The Five Biggest Mistakes that Investors Make

You see it on the news and in the papers, the real estate bubble is about to bust. Perhaps this would be a good time to evaluate the top five mistakes investors make when buying and selling properties for profit.

Greed

We work with several investors who sometimes fail to recognize when enough is enough. Case in point, one of our investors bought a home in the Memorial area that needed some serious rehabbing – and because the previous owner was trying to sell it off himself, he got it at a fantastic price. After going through the rehab process, the home was worth nearly double what he paid for it.

But then a funny thing happened, prices in the neighborhood started to decline. He figured he’d ride the market and wait till prices came back up. You can probably guess what happened next.

Recognizing the flow and ebb of the real estate market is a key skill that most investors master through painful experience. Greed is a bad thing; it blinds you to reality. Had this investor sold his property early on when the market was shifting his profit margin would have been much higher. Nothing frustrates investors more than seeing marginal returns for the amount of work involved in this sort of investment.

Investors who purchase near the top of the market simply get greedy often times forgetting that no market will go up forever. What goes up, must come down. We learned it as kids, but seem to have forgotten it as adults.

Ignoring the Numbers

With the advent of television channels like HGTV and TLC, not to mention the late night infomercials promising fame and fortune, it’s hard not to get swept up in the emotion of buying and selling homes for profit. For folks in California, Florida, and New York it’s even worse because they’re seeing such incredible increases in value, even if it is just fluff.

The problem most new investors face is ignoring the numbers. Numbers don’t lie – they tell you when a deal is a good one, or one that you should walk away from. Ignoring the numbers is fatal for thousands of potential investors every year. Always keep your eye on the bottom line.

Leading with the heart, not the mind

All too often, potential investors go into these kinds of projects leading with the hearts. They love this home, or what it could be rather than what it represents in black and white at the end of the day. Successful investors don’t buy a home because they feel connected to it, they buy it because it can make them money.

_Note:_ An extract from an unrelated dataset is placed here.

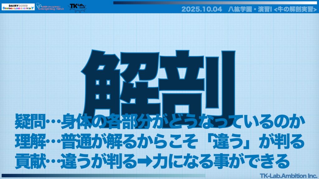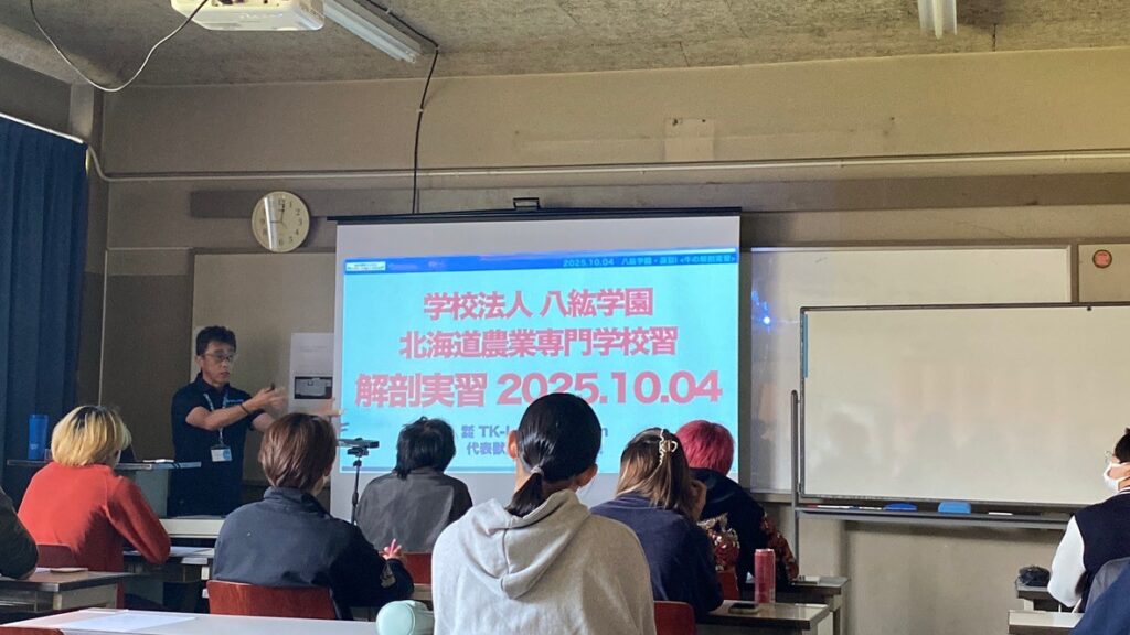 先日、『学校法人八紘学園・北海道農業専門学校』へお伺いし講義を担当させていただきました。その講義名は「解剖実習」。実習の講義? 少し皆様にもご紹介いたします。
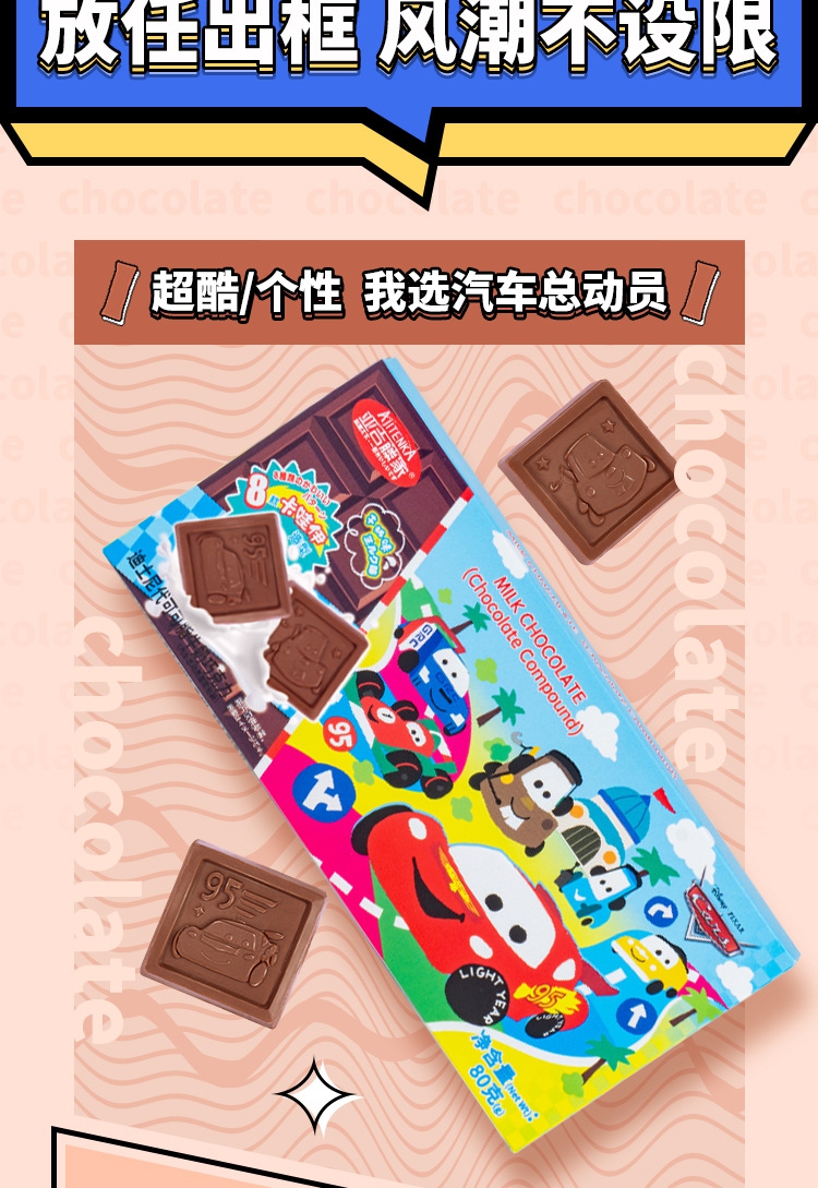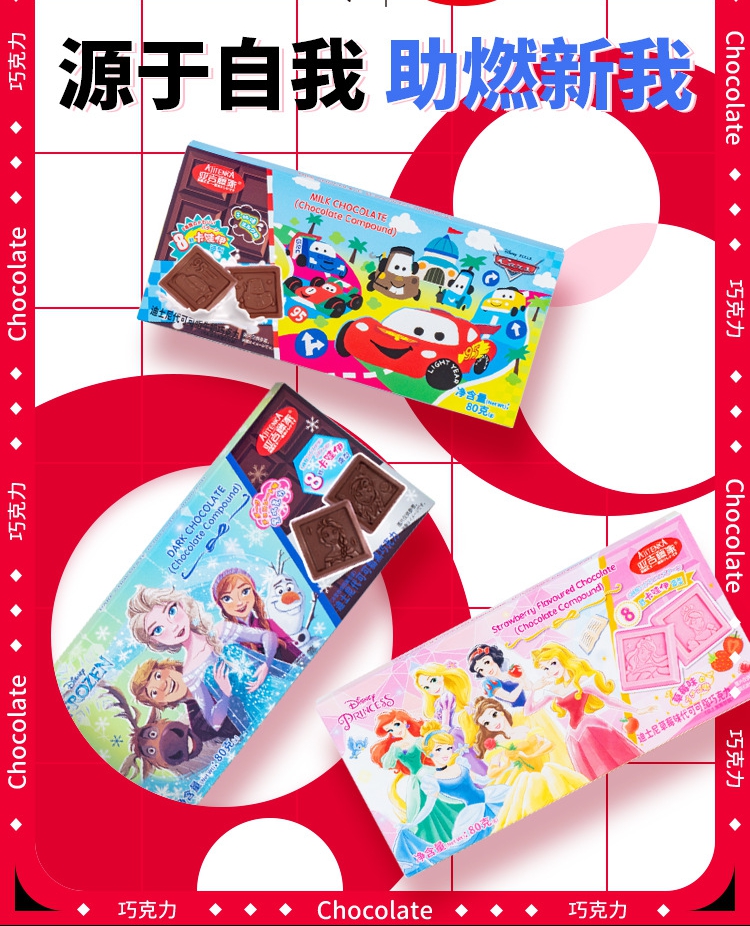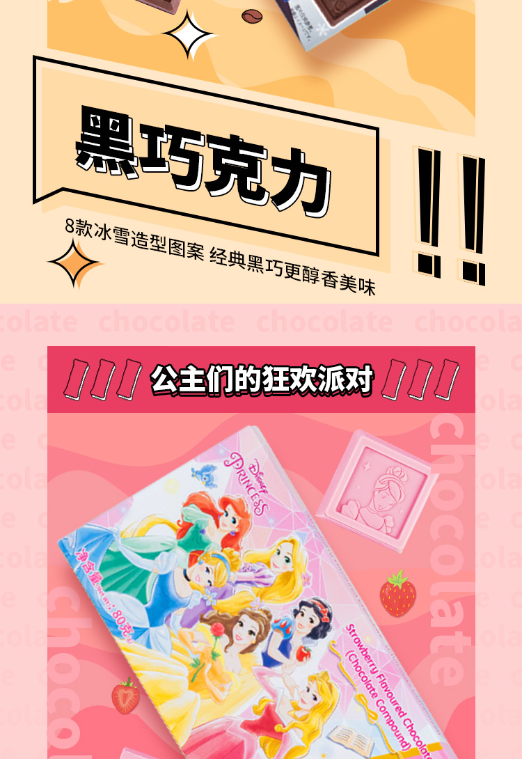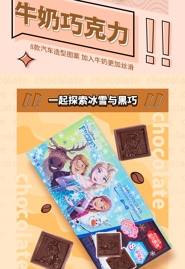 迪士尼代可可脂黑巧克力(冰雪奇缘图案包装)/草莓味(公主图案包装)/牛奶巧克力(汽车总动员图案包装)/059707/044595/044596

The fact that it WILL be pretty or that it DOES have great flow is merely the means to an end: getting it rehabbed and back on the market quickly. And these means lead to a quicker sale, which in turn means more profit.

Learning from History

There’s an old saying, “Those who ignore history are doomed to repeat it.” By refusing to learn from the mistakes of others as well as ourselves we are setting ourselves up to fail. History always repeats itself… especially in the real estate market. Let’s not forget that the dotcom bubble in the stock market took place less than a decade ago.

People lost their pensions, retirement, homes and jobs and yet five years later the gas industry followed suit. The encouraging thing to remember though is that both markets have recovered today.

Desperation

Someone once said, “Desperation is like stealing from the Mafia; you stand a good chance of attracting the wrong attention”. Desperation leads people to do stupid things, and by stupid I mean buying without performing your due diligence. Don’t get caught in the madness when markets climb; fear that you’re missing the boat should never be an agent for irrational purchases. Do your homework, evaluate the numbers, and make sure you can be as excited about the sale of the property as you are with the purchase. Slow and steady wins the race.